Jonathan Pollak (יונתן פולק; born c. 1982) is a graphic designer who works for Haaretz. He co-founded the direct action group Anarchists Against the Wall.

==Early life==
Jonathan Pollak was born in Tel Aviv, Israel to Yossi Pollak, an actor and Tami, a psychologist. He is an Ashkenazi Jew. His maternal grandfather, Nimrod Eshel, was imprisoned for leading a strike by seamen during the 1950s. As a teenager, Pollak was involved in the Israeli hardcore punk scene, which in the 1990s was strongly tied to anarchism, and became a straight edge. At the same time, Pollak became a vegan and an animal rights activist; years later he would state that "racism, chauvinism, sexism, speciesism all come from the same place of belittling the other".
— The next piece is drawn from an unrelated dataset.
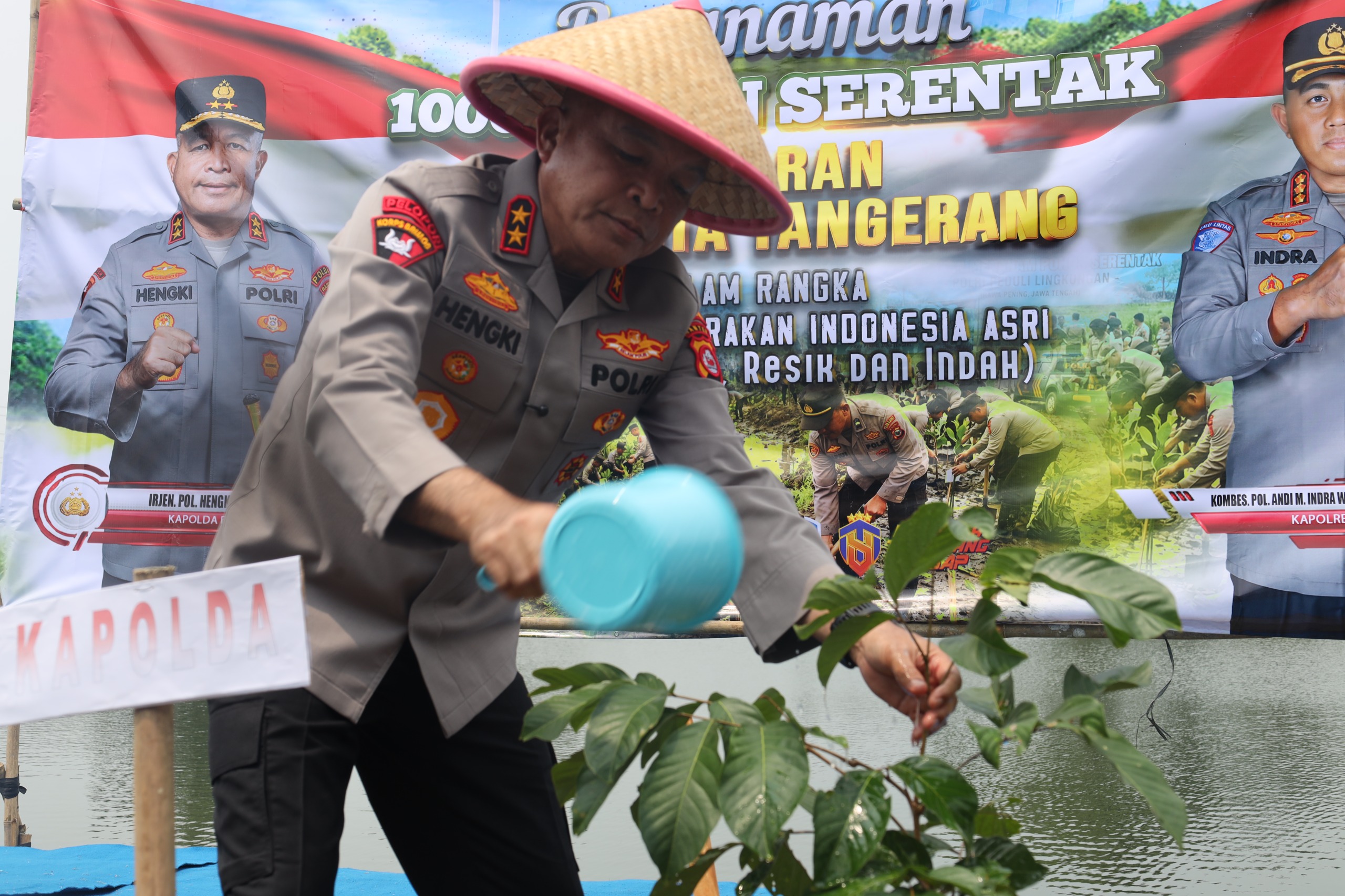 “Kegiatan penanaman pohon dilakukan di wilayah hukum Polsek Pasar Kemis menanam 600 bibit pohon rambutan di bantaran danau Kampung Pondok, Desa Sukaharja, Kecamatan Sindang Jaya, dengan luas 2,4 hektare. Sementara itu, Polsek Panongan, Polsek Cisoka, Polsek Tigaraksa, dan Polsek Cikupa masing-masing menanam 100 bibit di wilayahnya dengan luas lahan 4.000 meter persegi,” ujar Kapolda Banten di Desa Sukaharja, Pasar Kemis, Kabupaten Tangerang pada Selasa (21/04).
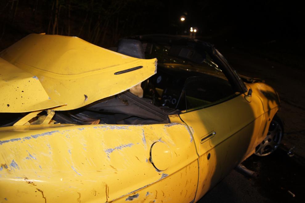 offenen Fahrzeug geschleudert und blieb schwerverletzt auf der Fahrbahn liegen.

Jonathan Pollak is the brother of actor Avshalom Pollak and film director Shai Pollak.

==Activism==
In 2003, Pollak co-founded the organization Anarchists Against the Wall, which protests the Israeli West Bank barrier. He participated in protests in Budrus in 2003 and 2004. In the mid-2000s, he joined protests against the barrier wall in Bil'in.

Pollak was struck in the head by a tear gas canister fired by an Israeli soldier in April 2005, requiring stitches. An Israel Defense Forces (IDF) spokesperson stated that the canister had first struck a rock and then hit Pollak on a ricochet.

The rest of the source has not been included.